There are 8 equipments kinds: weapons, the familiar ones, rings, amulets, boots, capes, hats and Dofus. Each character can carry only one equipment of each category.
All the categories of equipment bring no-claims bonus to the carrier. The weapons have however a role particular to Dofus Arena (in addition to that to strike) because they make it possible to regulate the initiative of the characters.

===Particularity===
The game does not contain any experience system that could affect the team: Ankama Games did not want to give advantages to players with more time. As a result, the newest player can make exact the same team as the best player of the game.

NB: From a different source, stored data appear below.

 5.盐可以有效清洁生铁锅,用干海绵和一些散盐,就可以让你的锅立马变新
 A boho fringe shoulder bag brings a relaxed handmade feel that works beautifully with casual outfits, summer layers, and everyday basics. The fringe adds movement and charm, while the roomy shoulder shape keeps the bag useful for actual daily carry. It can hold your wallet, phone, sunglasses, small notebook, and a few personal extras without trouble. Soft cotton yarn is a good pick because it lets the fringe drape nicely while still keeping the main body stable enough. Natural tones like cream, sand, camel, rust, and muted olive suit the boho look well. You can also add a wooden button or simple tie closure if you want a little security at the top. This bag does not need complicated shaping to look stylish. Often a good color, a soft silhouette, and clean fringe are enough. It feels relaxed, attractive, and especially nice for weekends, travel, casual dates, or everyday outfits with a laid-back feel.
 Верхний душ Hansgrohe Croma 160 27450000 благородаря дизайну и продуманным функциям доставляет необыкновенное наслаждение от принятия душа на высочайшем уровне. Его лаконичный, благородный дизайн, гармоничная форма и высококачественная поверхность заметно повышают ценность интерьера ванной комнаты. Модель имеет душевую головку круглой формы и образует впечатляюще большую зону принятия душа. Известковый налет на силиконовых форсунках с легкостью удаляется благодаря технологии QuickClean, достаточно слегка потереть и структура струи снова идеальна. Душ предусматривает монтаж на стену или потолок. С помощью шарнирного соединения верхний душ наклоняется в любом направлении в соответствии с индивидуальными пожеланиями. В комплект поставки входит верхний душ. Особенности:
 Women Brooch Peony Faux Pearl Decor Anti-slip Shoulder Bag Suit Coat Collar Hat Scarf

It is not possible to get a successful team by throwing random elements together. Rather, the teams used by high level players focus on maximum synergy between spells, equipment and characters. There is no "best" team and teams that focus on one part of the equipment spectrum (i.e. summons) are equal to more balanced teams.

===Fight===
Currently two forms of combat are available, 1vs1 and 2vs2. In these modes, team(s) battle against each other in one of the 18 maps. The game promotes planning and using different spells in succession (often called a combo).

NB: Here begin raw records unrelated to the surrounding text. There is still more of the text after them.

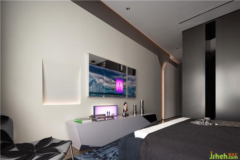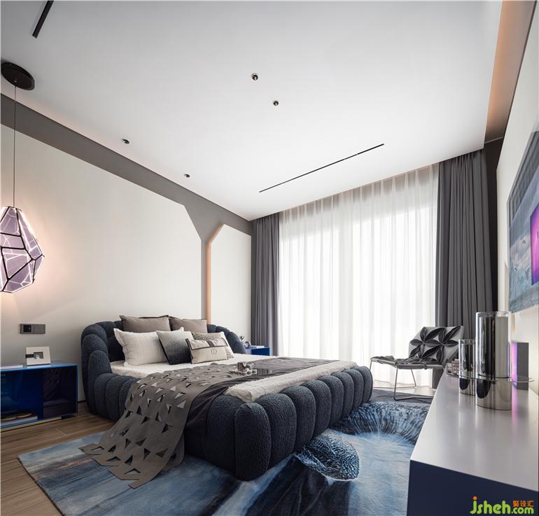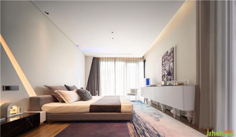 床头背景墙一道浅色人造石,点缀线条灯,凌厉线条带来切割的破碎美感。秦皇岛样板房设计渐变的极光装置、历经亿万年的蓝冰川地毯、璀璨冰层切割面装置画……虽然春天已来,却还是有冰雪仍未完全消融。
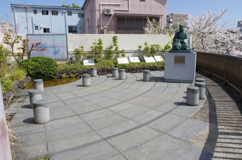 川の分岐点の角の展望スペース。芭蕉の像があります。
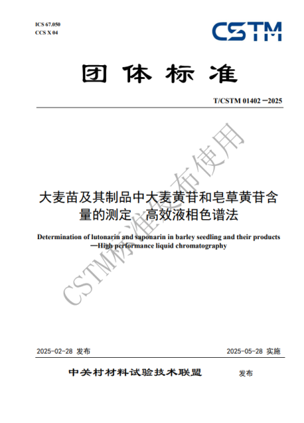 2025年2月28日,由中國科學(xué)院西北高原生物研究所、青海省藥品檢驗檢測院、西寧海關(guān)技術(shù)中心和青海金麥杞生物科技有限公司聯(lián)合完成的中國材料與試驗團(tuán)體標(biāo)準(zhǔn)委員會(CSTM)團(tuán)體標(biāo)準(zhǔn)《大麥苗及其制品中大麥黃苷和皂草黃苷含量的測定 高效液相色譜法》(T/CSTM 01402—2025)正式發(fā)布。該標(biāo)準(zhǔn)為基于大麥苗(青稞苗)的大健康產(chǎn)品的質(zhì)量控制和技術(shù)創(chuàng)新提供了科學(xué)依據(jù)和規(guī)范化指導(dǎo)。標(biāo)準(zhǔn)詳細(xì)規(guī)定了使用高效液相色譜法測定大麥苗及其制品中活性成分大麥黃苷和皂草黃苷含量的方法,包括樣品的前處理、色譜條件的優(yōu)化、校準(zhǔn)曲線的繪制、數(shù)據(jù)的處理、以及測量不確定度的評估等關(guān)鍵環(huán)節(jié)。標(biāo)準(zhǔn)還特別強(qiáng)調(diào)了在實際檢測中應(yīng)根據(jù)樣品的特性進(jìn)行個性化的調(diào)整和優(yōu)化,以確保檢測結(jié)果的準(zhǔn)確性和可靠性。此外,標(biāo)準(zhǔn)還提供了詳細(xì)的試驗報告模板,包括識別樣品、實驗室和試驗日期所需的全部信息,以及引用標(biāo)準(zhǔn)、結(jié)果表示和異常現(xiàn)象記錄等內(nèi)容,為檢測結(jié)果的完整性和可追溯性提供了有力保障。

The turn order is determined by the initiative of each fighter. This stat depends on the class and can be altered with equipment. The order goes from the fighter with the highest amount of initiative to the one with the least initiative.

The game futures a side/back system where damage is increased by 20% when attacking from the side and 40% when attacking from the back.

To reduce repetition, there are two elements randomly chosen at the start of the game: bonus cards and event cards. Bonus cards are strong actions that can be activated by everybody, but can only be used once per team. Event cards are cards that affect the game and change every round, this ranges from "everybody deals 10% more wind damage" or "all sacriers (a class) gain 2 MP and do 10% more damage" to "everybody loses 1 AP".

====Coach management====
The majority of the fights are ladder based and grant the winner "coach items"- that serve solely for appearance, those items do not affect combat – and points, calculated by the Elo rating system. If the player has have enough points, they gain a level.

The ladder ranks everybody by their points gathered.

All stats are recorded and the replay of every single match is available.

==Reception==
- "Price of the Public" at the Flash festival in France in 2006.

==Closure==
Despite all the work on it and a beta test period that lasted nearly a decade, the game was never officially released. Development was officially "paused" in February 2012, and the lead developer left in July 2012. The game remained unfinished but playable for quite a while, until the Dofus Arena website was quietly closed without notice on October 14, 2014 and the game servers shut down.